Jurisdiction of Syariah Court.
•A Syariah High Court shall have jurisdiction throughout the Federal
Territories and shall be presided over by a Syariah Jude. A Syariah High
Court shall:-
a.In its criminal jurisdiction, try an offence committed by a Muslim and
punishable under the Enactment or the Islamic Family Law or under
any written law prescribing offences against precepts of religion of
Islam…
b.In its civil jurisdiction, hear and determine all actions and
proceedings in which all the parties profess the Muslim religion and
which relate to bethrothal, marriage, divorce, nullity of marriage
(fasakh), Nushuz, or judicial seperation (faraq), Any disposition of
property arising in marriage, maintenance of dependents,
guardianship, wakaf, inheritance, and other matters in respect of
jurisdiction is conferred by any written law.
•A syariah Court has supervisory and revisionary jurisdiction
• A Syariah Subordinate Court shall have jurisdiction throughout the
Federal Territories and shall be presided over by a Judge of the
Syariah Subordianate Court.

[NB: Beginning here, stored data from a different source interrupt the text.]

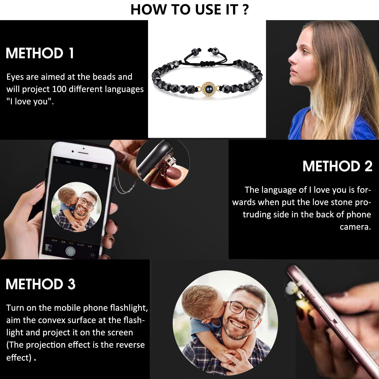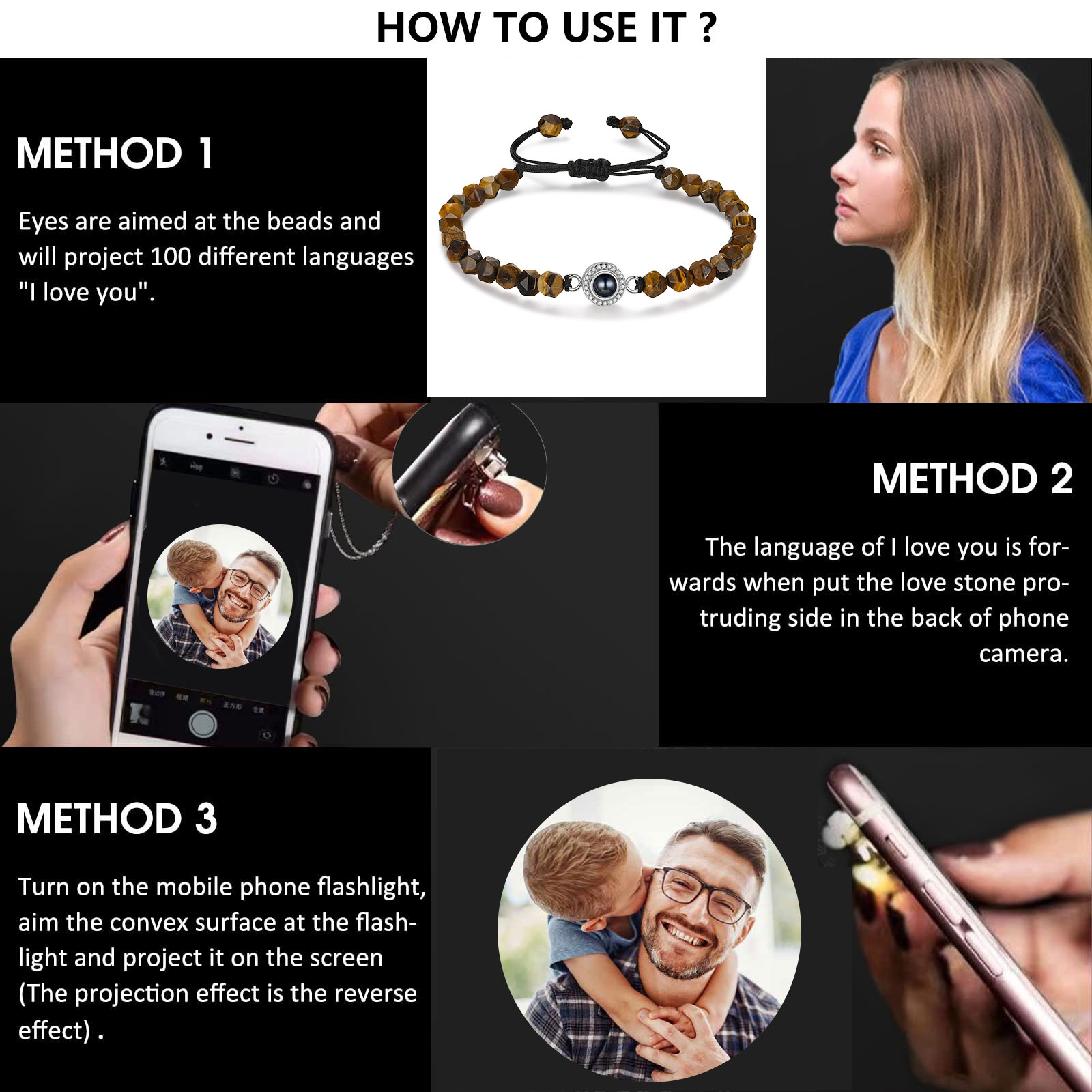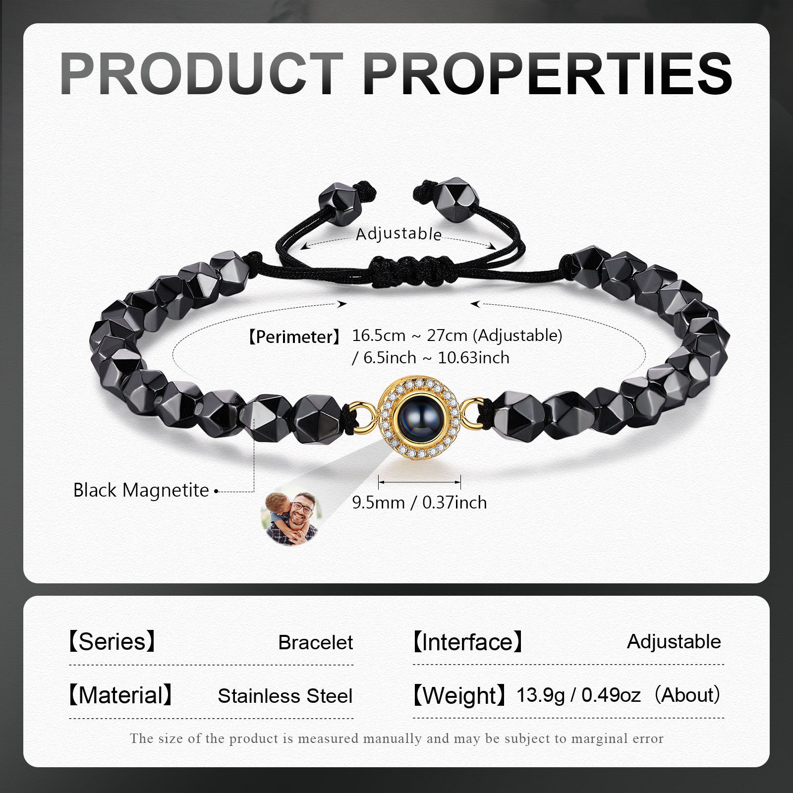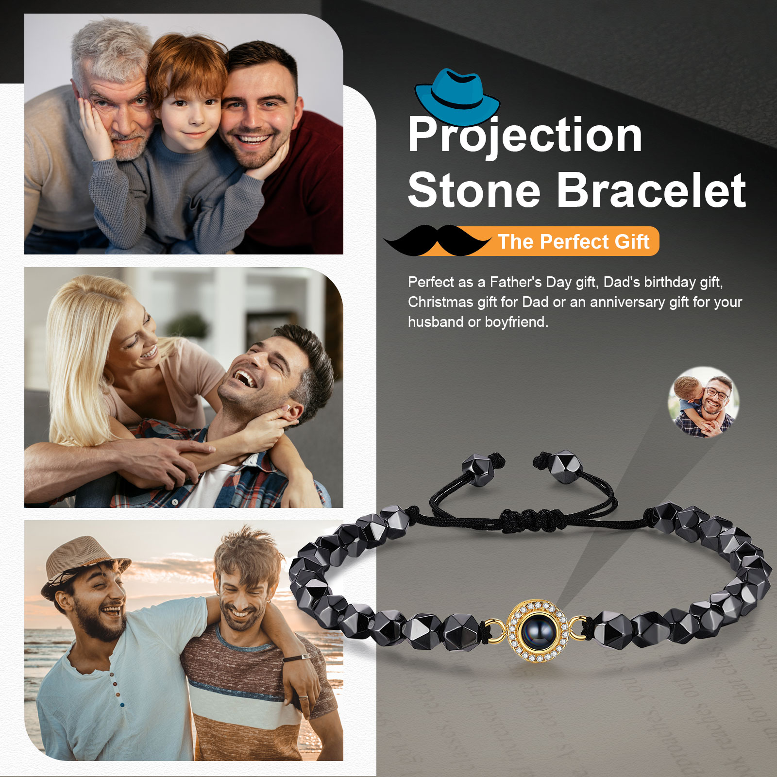 Braccialetto di perle irregolare con proiezione di foto regalo per uomo multicolori da scegliere
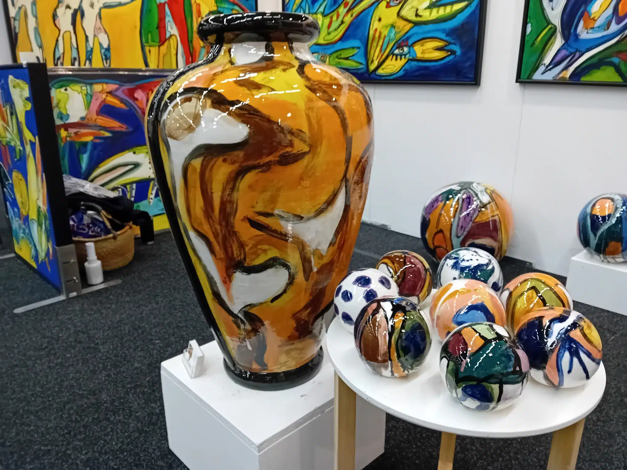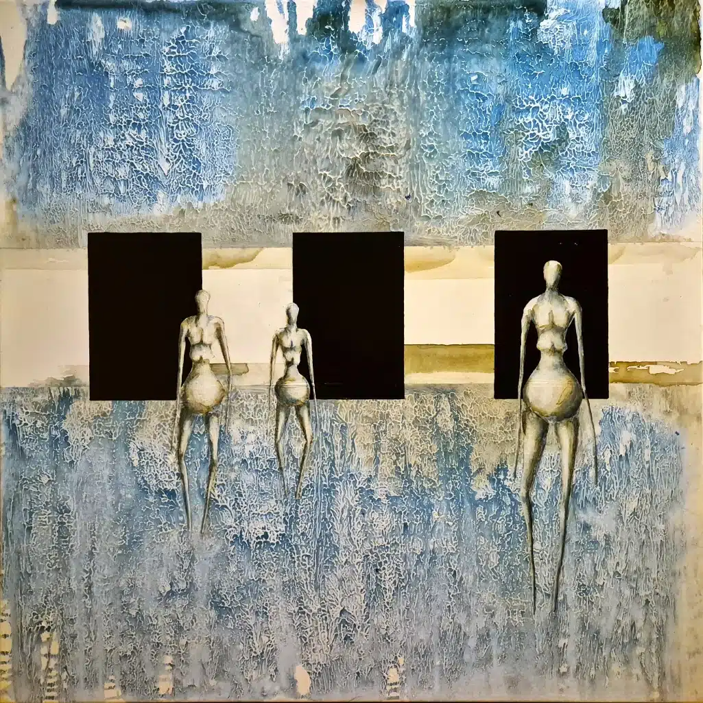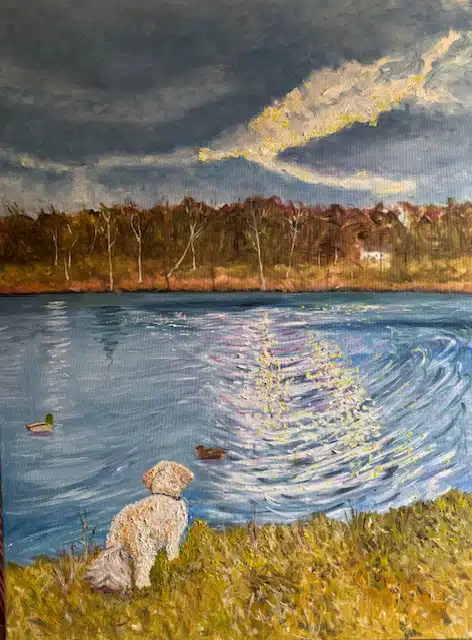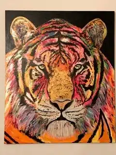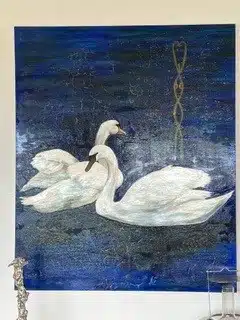 Jeg har malet de sidste 25 år – primært i akryl. Jeg maler primært større billeder – 80 x 80 og opefter. Når jeg ser tilbage, så maler jeg ofte hel eller halvfigurative billeder med dyr – og gerne koloristiske.
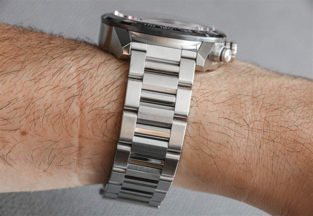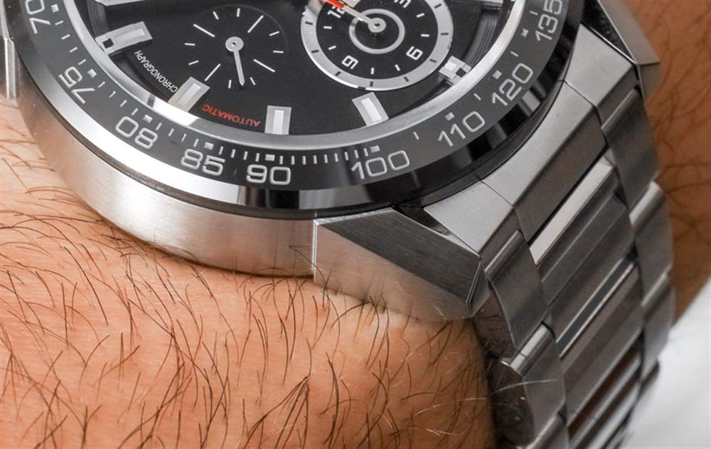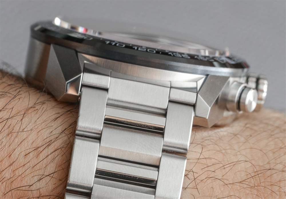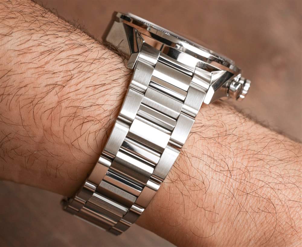 直接看手表時,與略顯柔和的 1887 相比,Heuer 01 版本的 Carrera 在線條上更加棱角分明,更具侵略性。這有點像將蘭博基尼的美學(xué)與法拉利進(jìn)行比較。需要指出的是,TAG Heuer Carrera 1887的表鏈實際上比Carrera Heuer 01的表帶寬了一點,只是稍微改變了美學(xué)。話雖如此,這兩款手表都具有三鏈?zhǔn)嚼z和拋光精鋼表鏈,折疊式展開式表扣在設(shè)計上非常相似。但同樣,所有部分都是獨(dú)一無二的。
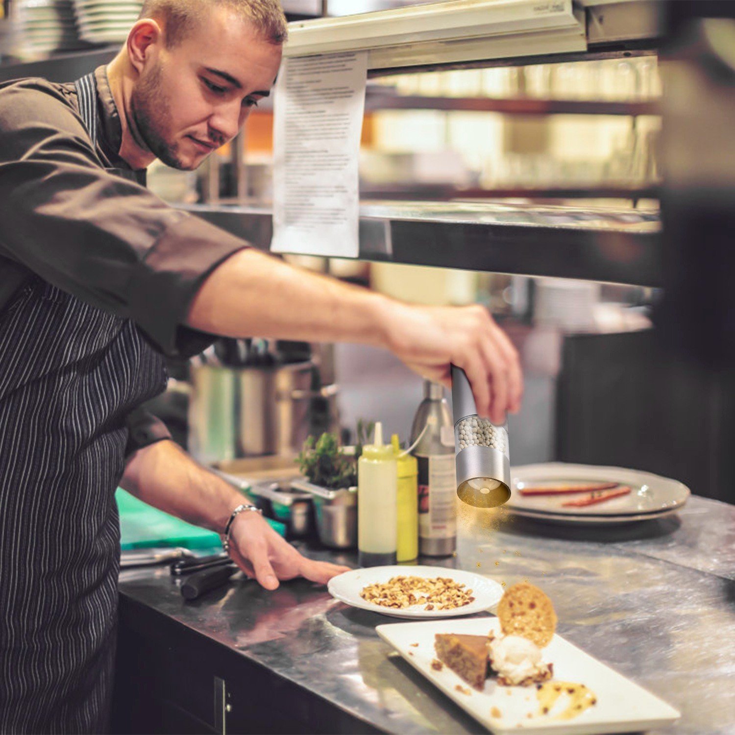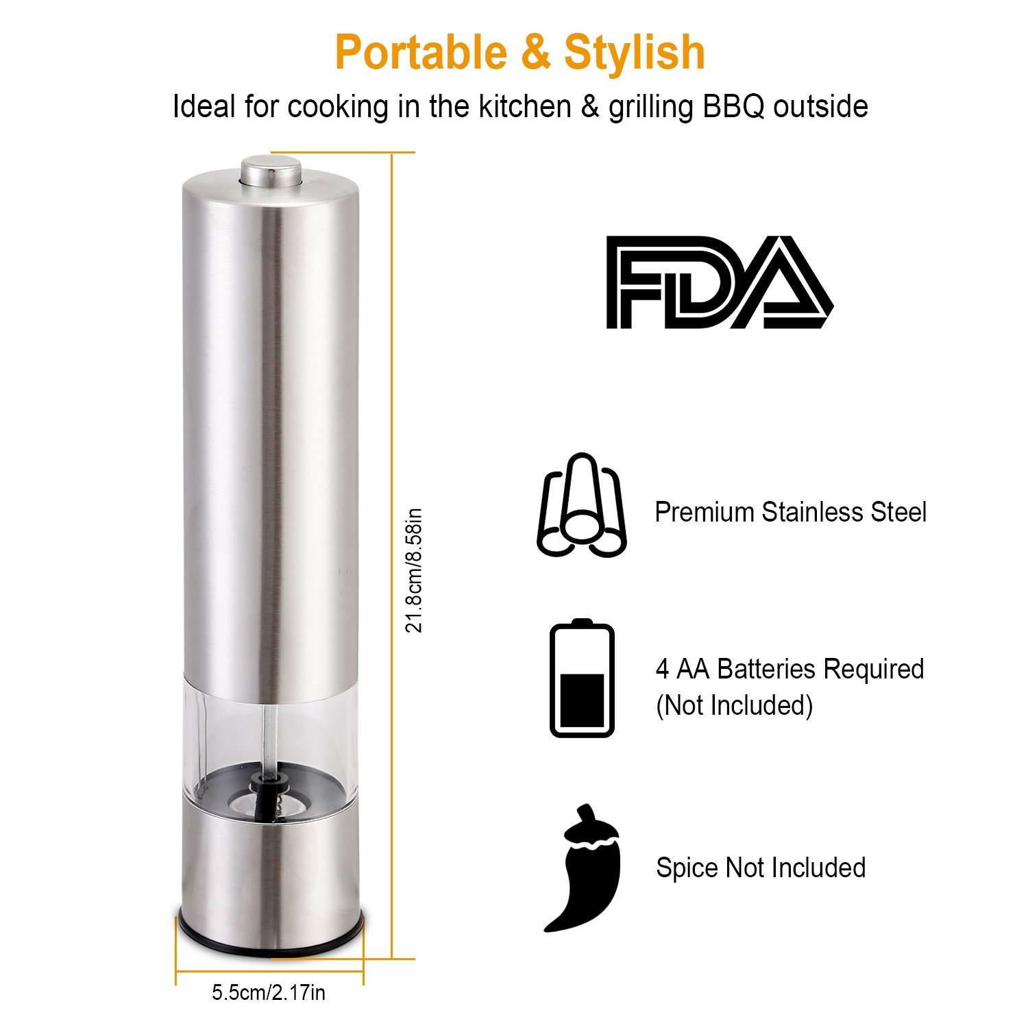 **ELECTRIC PEPPER GRINDER FOR TIME & ENERGY SAVING*:Still manually grind pepper,which waste time and energy? Our electric salt & pepper grinder is battery operated to save your time and energy. Also it's economical and practical,ideal for cooking in the kitchen and grilling BBQ outside and also is a stylish addition to your kitchen and dinner table.

The Syariah Subordinate Court shall :-
a.In its criminal jurisdiction try any offence committed by a Muslim
under the Enactment or any written law prescribing offences
against precepts of the religion of Islam for which the maximum
punishment provided by the Enactment or such written law does
not exceed RM2000 or imprisonment for a term of one year or both
and may impose any punishment provided therefor.
b.In its civil jurisdiction, hear and determine all such actions is
authorized to hear and determine in which the amount or value of
the subject matter in dispute does not exceed RM50,000
• An appeal shall lie to the Syariah High Court from any decision of a
Syariah Subordinate Court :
a.In its criminal jurisdiction, by the prosecution or by a person
convicted, and such appeal may be against an acquittal, conviction
or sentence or any of them
b.In its civil jurisdiction:-
i. By any person aggrieved by the decision, if the amount claimed is
not less than RM1k;
ii. In all cases involving any decision as to personal statues, by any
person aggrieved by the decision
iii.In all cases relating to maintenance of dependents
• The Syariah Appeal Court has jurisdiction to hear and determine
any appeal against any decision made by the Syariah High Court in
the exercise of its original jurisdiction.
• The Syariah Appeal Court shall have supervisory and revisionary
jurisdiction over the Syariah High Court. It may , if it appears
desirable in the interest of justice, either on its own motion or at
the instance of any party or person interested, at any stage or any
matter or proceedings be it civil or criminal call an examine any
record thereof and may give such directions as justice so require.
• Under circumstances, proceedings in the Syariah High Court or
proceedings in any matter shall be stayed.